Typically the database enrichment can be classified as; spatial enrichment and semantic one.

Spatial enrichment is interested to the spatial aspect of the GDB. One use of this enrichment is its application within the overall generalization process. In this context, the newly acquired information are used to provide geometrical knowledge and procedural knowledge in terms of generalisation algorithms and operations order, to guide the choice of the generalization solution (Plazanet, 1996).

For the semantic enrichment, it aims to link unstructured data to the already available structured thematic data (also referred as aspatial, descriptive or semantic) stored in the GDB. The works classified under this category are: Metacarta (MetaCarta, 2005), GeoNode (Hyland et al., 1999), Persus (David, 2002).

MetaCarta’s technology provides a bridge between document systems and GIS systems. MetaCarta, allows the semantic enrichment through the Geographic Text Search (GTS). GTS allows to link textual documents to geographic entities localised in digital maps to add supplementary data to GDB. GTS is offered as an extension to the GIS ArcGIS.
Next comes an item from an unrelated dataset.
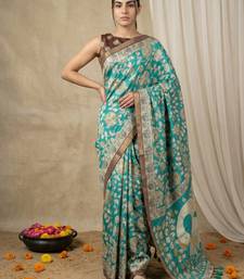 Sea green heavy woven zari floral & traditional motifs work silk blend fabric traditional grand festive

For GeoNode (Geographic News On Demand Environment), given a sequence of news stories, GeoNode, can identify different events that happen at particular time and place. GeoNode makes use of the Information Extraction technique and more precisely the Alembic system to accomplish the enrichment. The latter allows to determine the named entities for geospatial visualizations. The GIS ArcView supports GeoNode.

Key Terms in this Chapter

Rhetorical Structure Tree: A binary tree, which describes the rhetorical structure of every coherent discourse.

MDS: Multi-Document Summarization (MDS) is the process of distilling the most important information from a corpus of documents.

GIS: Geographic Information System (GIS) is a computer system capable of capturing, storing, analyzing, and displaying geographically referenced information. These latter are stored in a Geographic database (GDB).

Segmentation: Text segmentation is the process of segmenting a text stream into topically coherent segments.